Van Chester Thompkins was charged with murder in a Michigan Court. After his arrest in Ohio two Michigan police officers traveled to Ohio to interrogate him. They spent three hours questioning him but during most of that time he was silent. Towards the end of the interrogation the officers asked him if he prayed to god to forgive him for the murder. He said yes and the answer was used against him at trial after his motion to suppress the answer was denied.
On habeas the Michigan Court of Appeals held that Thompkins did not invoke his Miranda rights and that he waived the right by answering the officer’s question, a position rejected by the Sixth Circuit Court of Appeals but accepted by the Supreme Court.
Justice Sotomeyer wrote the dissent.
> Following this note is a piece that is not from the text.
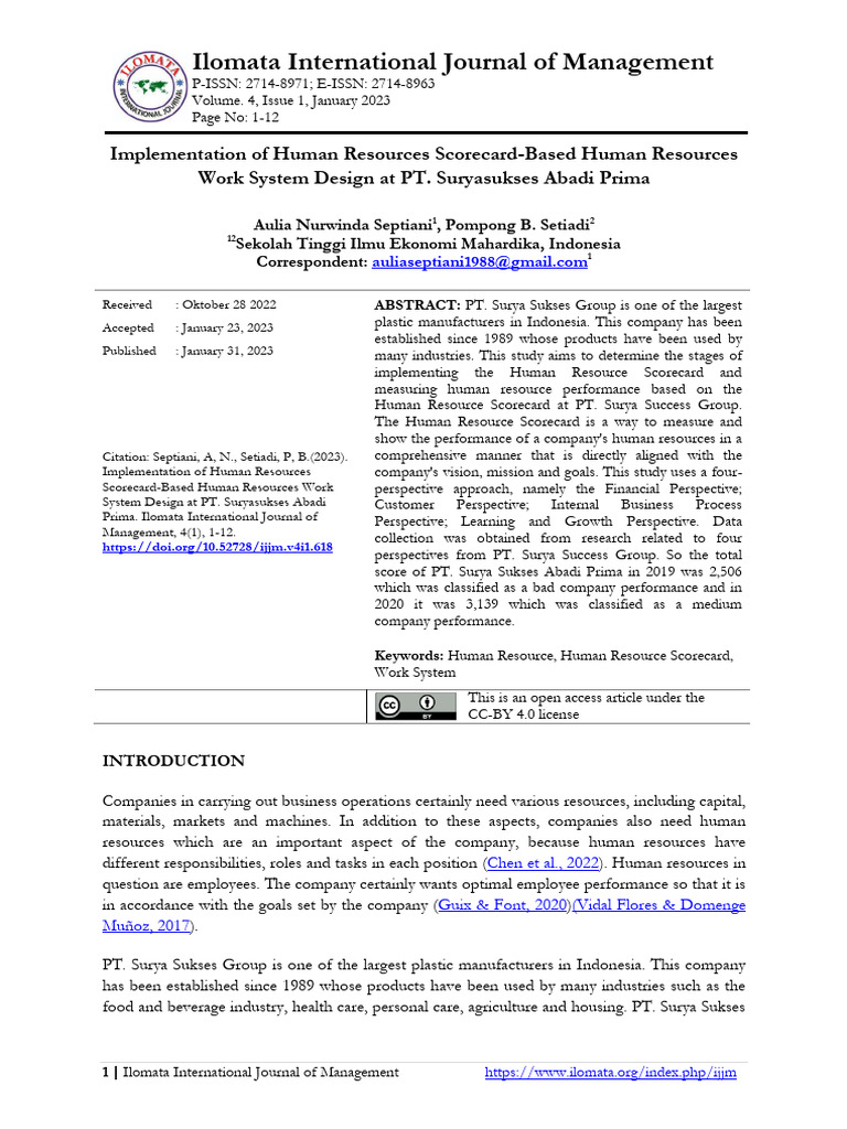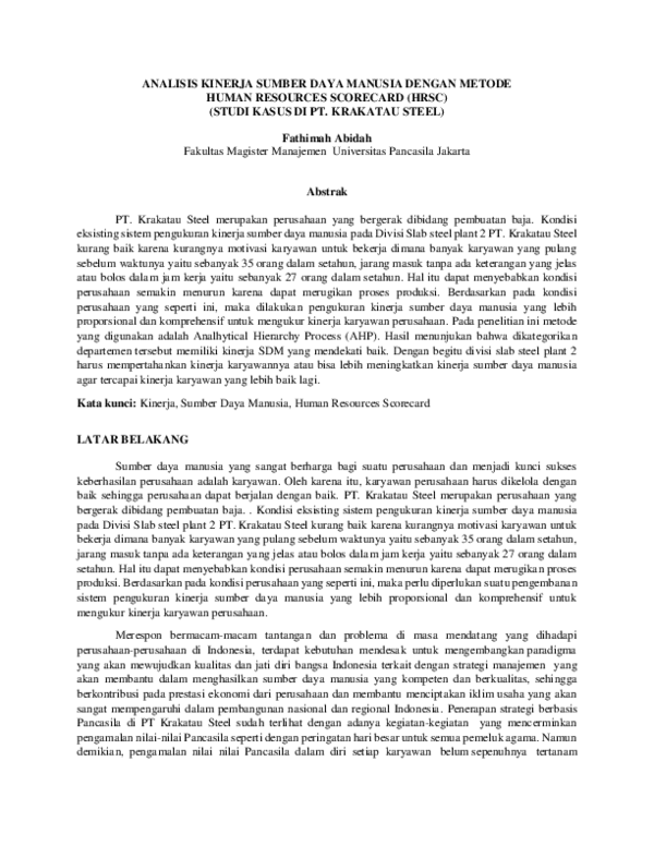 (PDF) Pengukuran Kinerja SDM Metode Human Resources Scorecard sebagai

She pointed out that in the Supreme Court held that “If [an] individual indicates in any manner, at any time prior to or during questioning, that he wishes to remain silent” or if he “states that he wants an attorney,” the interrogation “must cease.” It would seem that a two and three quarter hour silence would be an indication that Thompkins wanted to remain silent. In Miranda the Court wrote:
“Whatever the testimony of the authorities as to waiver of rights by an accused, the fact of lengthy interrogation or incommunicado incarceration before a statement is made is strong evidence that the accused did not validly waive his rights. In these circumstances the fact that the individual eventually made a statement is consistent with the conclusion that the compelling influence of the interrogation finally forced him to do so. It is inconsistent with any notion of a voluntary relinquishment of the privilege.”
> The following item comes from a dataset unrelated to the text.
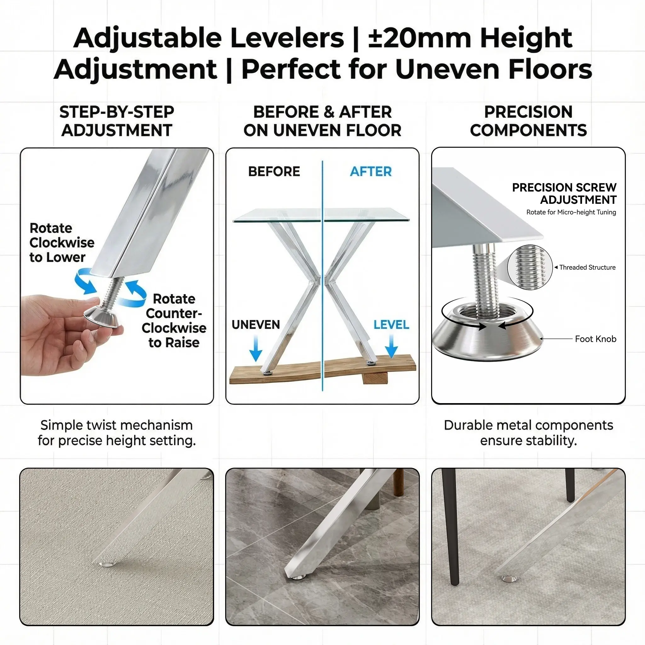 ·The metal square tube legs ensure stability and durability. Adjustable feet at the bottom help balance the table. The table offers versatile functionality, accommodating various needs and preferences.

As Sotomeyer points out this seems to be pretty much on point but it was ignored by the majority. As the Court stated in Miranda: “a valid waiver will not be presumed … simply from the fact that a confession was in fact eventually obtained.”
Perhaps the most ironic part of the decision is that arrestees must now verbally assert their desire to remain silent. The common Miranda right read to arrestees says that the arrestee has a right to ask for an attorney and the right to remain silent. It says nothing about stating that the arrestee must state that he/she wants to remain silent.